Wednesday, October 27, 2010

Thanks, Steve and Ann, for inviting us to spend a few days with you at the seashore. We loved it, and we are very sure that the children will never foret those special days with their mom and dad, enjoying the wonders of the surf and sand.

It was great, being with Beau and his dad, searching out the variety of tiny sea creatures that inhabit these tide pools among the rugged rock formations that are part of this particular beach. We saw sea anenami, small crabs and thousands of shell fish that fasten themselves to thes rocks along the shore.

Now, it's Gracie's turn! Oh, what fun!

Josh isn't looking to sure about this being buried in the sand, but, in fact, he loved it!
This is at the beach just down from the cottage where they were staying.
Steve and Gracie have just finished covering Josh and drawing designs to make it look like a turtle shell??

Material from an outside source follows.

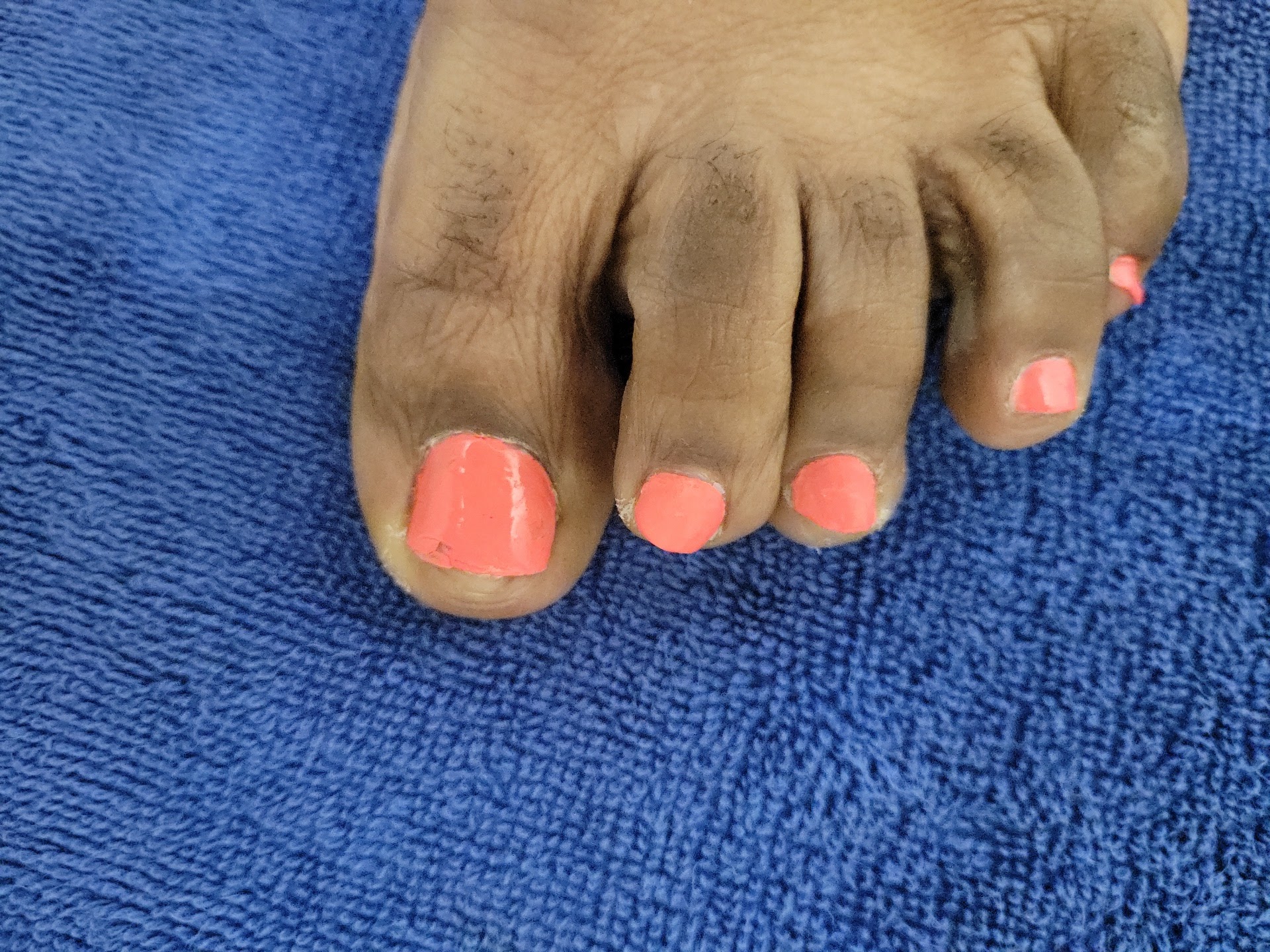 I go back to the pedicure area, and the older lady and I are talking and comparing issues. Eventually, her nail technician removes her polish, and as she's about to apply the top coat, we realize that may have been the issue, so she opens a new bottle. I walk over to my tech to tell her what the boss lady said. It went so downhill from there. The woman threw a real-life tantrum. There is no other description for an adult bopping up and down with arms flying denying that anything is wrong with the nails. She did this whole scene two more times. The other customers had to get involved because I refused to argue. She has eyes just like me, and everyone could see it but her. Her solution was to add a third coat of polish rather than redo it. I let it all play out because I'm not the professional. She is. It looked terrible...it was wavy because the nail below wasn't smooth, and a large piece of cuticle was there and painted over. She took that cuticle off and was forced to remove the polish because now there was a hole in the polish smh.

Linda could not negotiate the 199 steps down to the beach, but she did drive down to the public beach just a ways to the north and rolled up her pant legs and waded out into the surf. She loved it so much she was just about to dive in, clothes and all, when I took this picture.
The woman knows no fear!

This is the view of the Pacific Ocean from where Ann & Steve were staying. That is Catalina Island ("26 miles across the sea") in the distance.

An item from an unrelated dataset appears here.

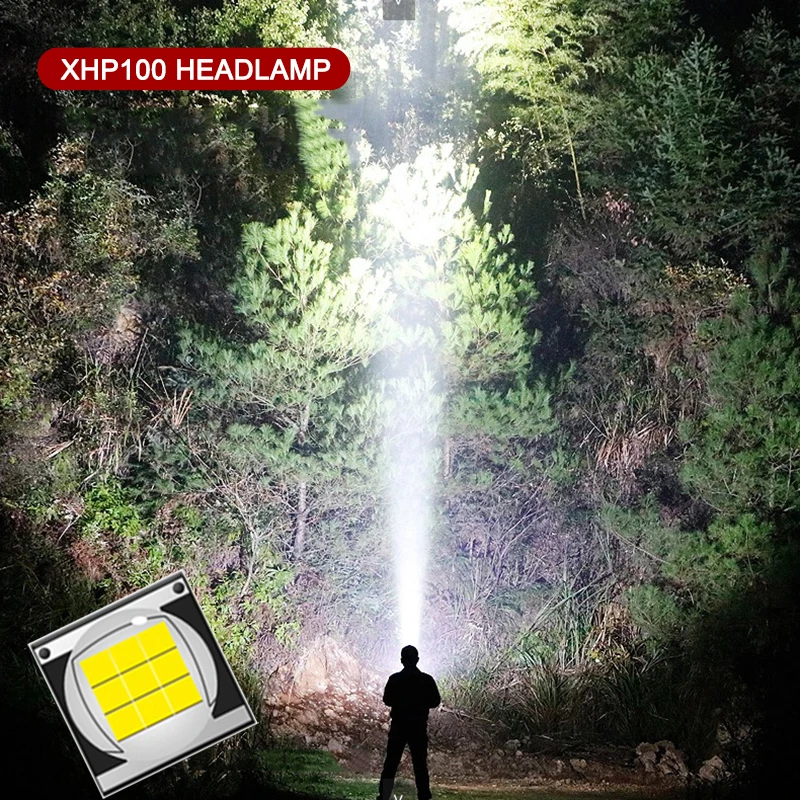 Налобный фонарь XHP100, 18650 лм, с зарядкой от USB

Here is the delightful cottage that Stev and Ann rented during their one-week stay at Laguna Beach. It is just a half block off the Pacific Coast Highway, on a hill overlooking the ocean. To reach the beach, however, you must take a flight 199 stone steps from the street level down to the ocean.

We were with Ann, Steve and their three children, Beau, 8, Gracie, 7, and Josh, 2 yrs, Mon - Wed, Oct 18, 19, 20. Despite the rainy weather we enjoyed some great time with them.
Beside several hours at the beach nearby, we did some sightseeing around this beautiful seaside community of Laguna Beach.
I took this picture as we were leaving a Marine life saving station, where they care for injured sea lions and seals. What you are seeing behind them is the acutal rib bone of a giant whale.